#### EXERCISE DIRECTIONS:
The lines below, from the one holding "Customized Size 32-45" through the one holding "This painting is", are to be restated word for word, with all images left out.

#### RECORDS TO PROCESS:
----------------------------------------

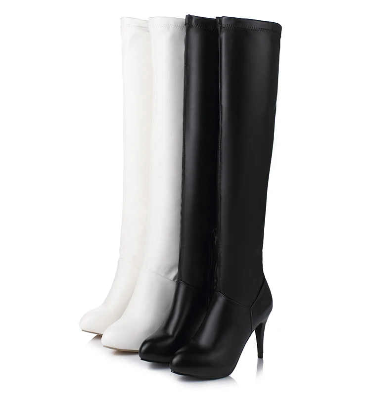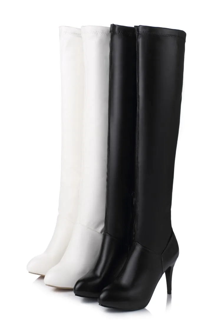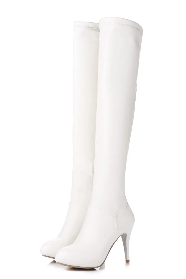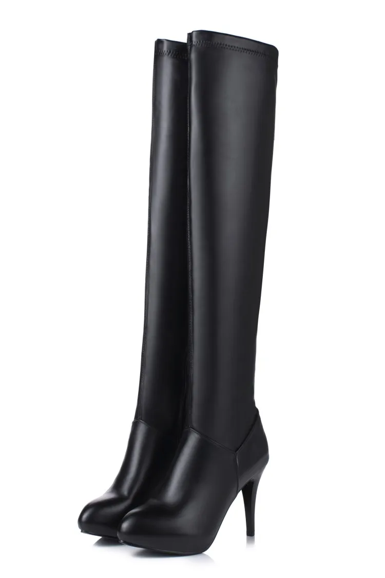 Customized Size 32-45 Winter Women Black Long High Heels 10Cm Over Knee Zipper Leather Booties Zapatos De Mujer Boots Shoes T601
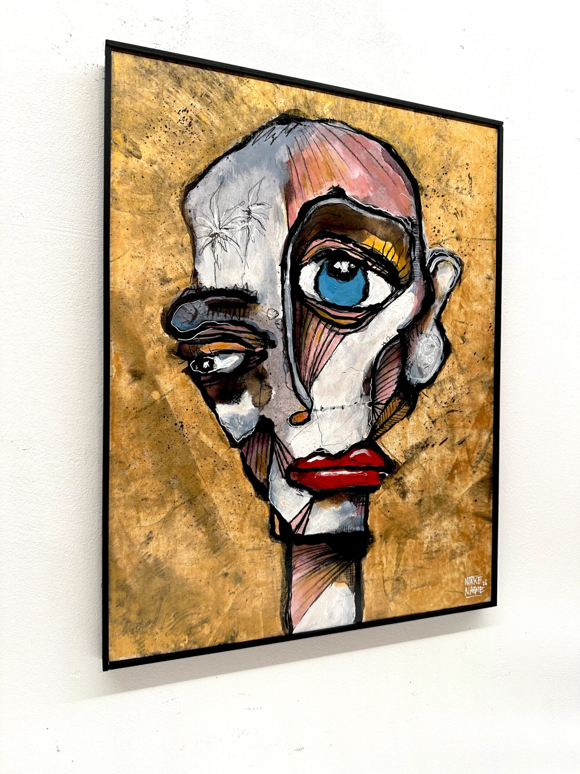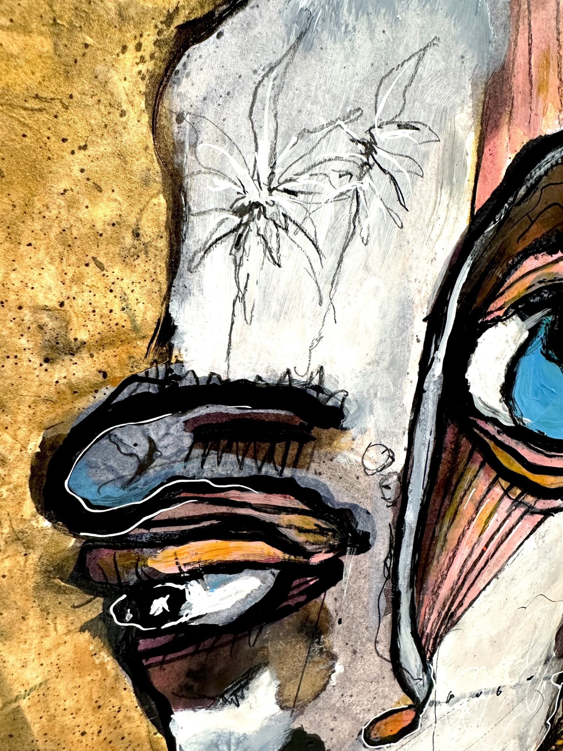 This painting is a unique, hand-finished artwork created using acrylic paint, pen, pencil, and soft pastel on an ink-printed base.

----------------------------------------

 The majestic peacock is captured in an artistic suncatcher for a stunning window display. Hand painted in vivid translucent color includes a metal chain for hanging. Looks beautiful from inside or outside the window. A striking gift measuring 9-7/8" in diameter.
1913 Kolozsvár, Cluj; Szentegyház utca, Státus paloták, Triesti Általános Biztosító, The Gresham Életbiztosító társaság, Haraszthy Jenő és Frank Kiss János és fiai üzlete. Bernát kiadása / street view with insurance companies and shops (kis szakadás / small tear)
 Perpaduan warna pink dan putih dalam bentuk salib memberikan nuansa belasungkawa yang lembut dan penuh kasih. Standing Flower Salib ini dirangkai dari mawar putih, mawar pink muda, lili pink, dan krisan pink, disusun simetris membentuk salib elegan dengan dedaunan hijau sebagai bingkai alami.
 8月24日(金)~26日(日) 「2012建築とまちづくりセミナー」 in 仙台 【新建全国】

----------------------------------------

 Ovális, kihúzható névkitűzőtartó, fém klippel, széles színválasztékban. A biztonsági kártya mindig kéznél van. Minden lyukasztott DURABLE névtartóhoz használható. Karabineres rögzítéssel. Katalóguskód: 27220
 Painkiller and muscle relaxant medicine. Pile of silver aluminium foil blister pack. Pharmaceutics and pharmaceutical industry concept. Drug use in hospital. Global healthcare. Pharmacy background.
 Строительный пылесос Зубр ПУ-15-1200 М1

----------------------------------------

#### WRITTEN RESPONSE:
 Customized Size 32-45 Winter Women Black Long High Heels 10Cm Over Knee Zipper Leather Booties Zapatos De Mujer Boots Shoes T601
 This painting is a unique, hand-finished artwork created using acrylic paint, pen, pencil, and soft pastel on an ink-printed base.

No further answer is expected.